How am I suppose to find the recursive definition? What are the steps?
• Mar 21st 2013, 10:58 PM
Re: Sequence with factorial
A recursive definition requires two components
1) A $\displaystyle t_1$ (a base term)
2) A general formula relating $\displaystyle t_{n+1}$ and $\displaystyle t_{n}$ for $\displaystyle n \geq 1$ where n is a natural number
--

Finding $\displaystyle t_1$ is easy. Replace $\displaystyle n=1$ to get $\displaystyle t_1 = 2(1+1)!5^1 = 20$

Since we know the formula for $\displaystyle t_n$ we also know the formula for $\displaystyle t_{n+1}$ (replace n with n+1)
Now consider $\displaystyle \frac{t_{n+1}}{t_n}$, the ratio between two consecutive terms, and isolate $\displaystyle t_{n+1}$ for the recursive formula as desired. I'll leave the rest to you.
• Mar 21st 2013, 11:14 PM
Newbie999
Re: Sequence with factorial
Macsters thank you very much for the reply.
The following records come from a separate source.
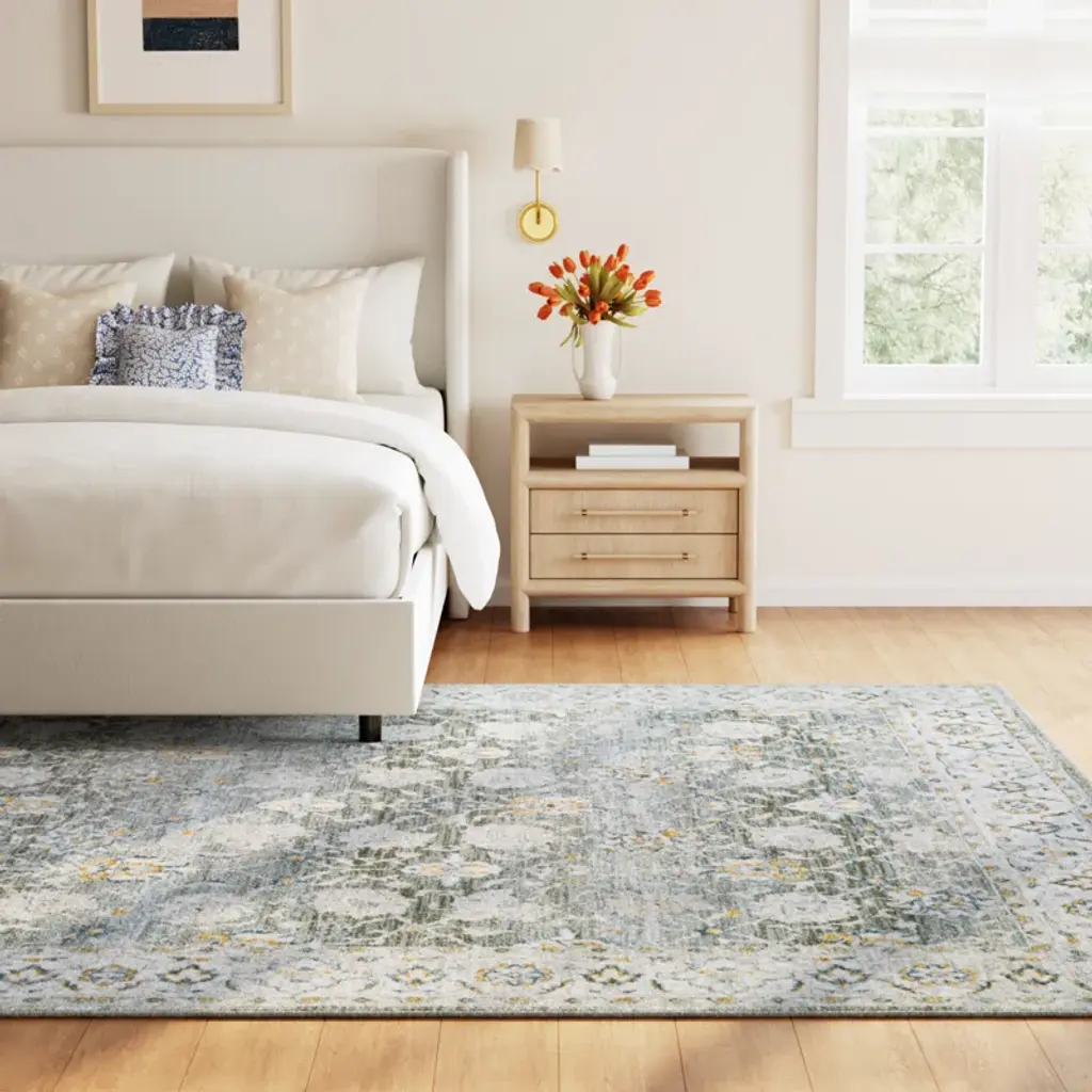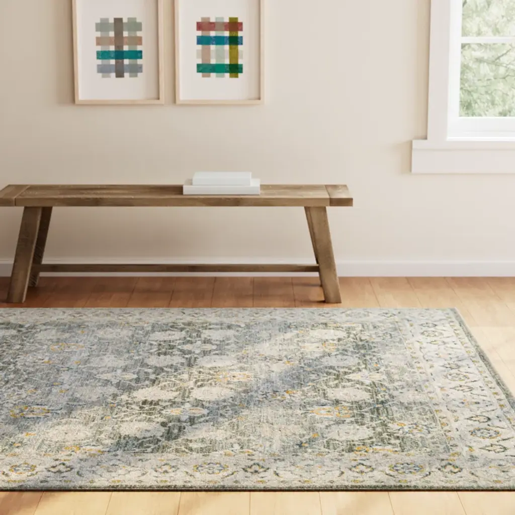 With a stylish modern pattern and stunning colors, this rug invites contemporary style into your living space. It features a subtle high/low texture that brings added dimension, while the bordering fringe gives this piece a cozy touch. Non-shedding and easy to clean, this piece is pet and kid-friendly making it a great choice for a busy living room, entryway, or any room in your home!
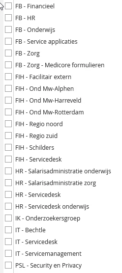 Bij mijn huidige klant heeft vrijwel elke subafdeling – wat vaak neerkomt op een apart werkproces – een eigen behandelaarsgroep. In totaal gaat het om ongeveer 80 behandelaarsgroepen, waarvan bijvoorbeeld:
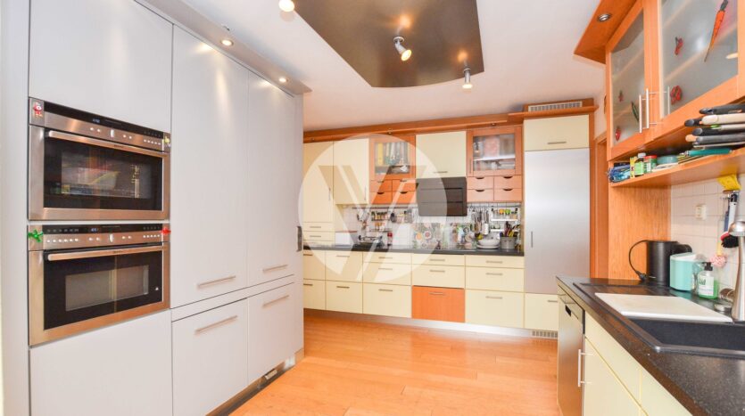– Grote dubbele garage met zwaar plafond (volgens bouwkundig ontwerp) en goederenlift

I don't think I came up with the right answer and I can't simply anymore because my algebra is very bad.

$\displaystyle tn+1/tn = \frac{2(n+2)!5^n}{2(n+1)!5^n}$

Simplified

$\displaystyle tn+1/tn = \frac{2n+24*5^n}{2n+2*5^n}$

I am a bit lost from this point. Can you please tell me if I am even on the right track?
• Mar 21st 2013, 11:25 PM
Re: Sequence with factorial
Quote:

Originally Posted by Newbie999
$\displaystyle tn+1/tn = \frac{2(n+2)!/5^n}{2(n+1)!5^n}$

is incorrect, but close. you also needed to replace n with n+1 in the exponent of 5 on the numerator

$\displaystyle \frac{t_{n+1}}{t_n} = \frac{2(n+2)!5^{n+1}}{2(n+1)!5^n}$

Notice that the 2's cancel out. and that
$\displaystyle \frac{(n+2)!}{(n+1)!} = \frac{(n+2)(n+1)!}{(n+1)!}} = (n+2)$ by definition of factorial
$\displaystyle \frac{5^{n+1}}{5^n} = \frac{5*5^n}{5^n} = 5$

hence

$\displaystyle \frac{t_{n+1}}{t_n} = \frac{2(n+2)!5^{n+1}}{2(n+1)!5^n} = 5(n+2)$
• Mar 21st 2013, 11:27 PM
Newbie999
Re: Sequence with factorial
Thank you sooo much : ) for everything.

Edit: One more question. I would like to send you a PM since this is solved but someone might found it useful to see the question here.

With the $\displaystyle tn+1/tn = \frac{5{^{n+1}}}{5^{n}}$
I pretty much understand everything above and the final answer.

But what if $\displaystyle tn-1/tn = \frac{5{^{n-1}}}{5^{n}}$

How can I calculate a sequence when it's relating to previous number? Lets say n-1 or n-2.
• Mar 22nd 2013, 09:00 AM
If the general formula for $\displaystyle t_n$ was $\displaystyle 5^n$ instead, then
$\displaystyle \frac{t_{n-1}}{t_n} = \frac{5^{n-1}}{5^n} = \frac{1}{5}$ hence $\displaystyle t_{n-1} = \frac{1}{5}t_n$
so this is still a relationship between two consecutive numbers. Replace n with n-1 and you get a relationship between $\displaystyle t_{n-1}$ and $\displaystyle t_{n-2}$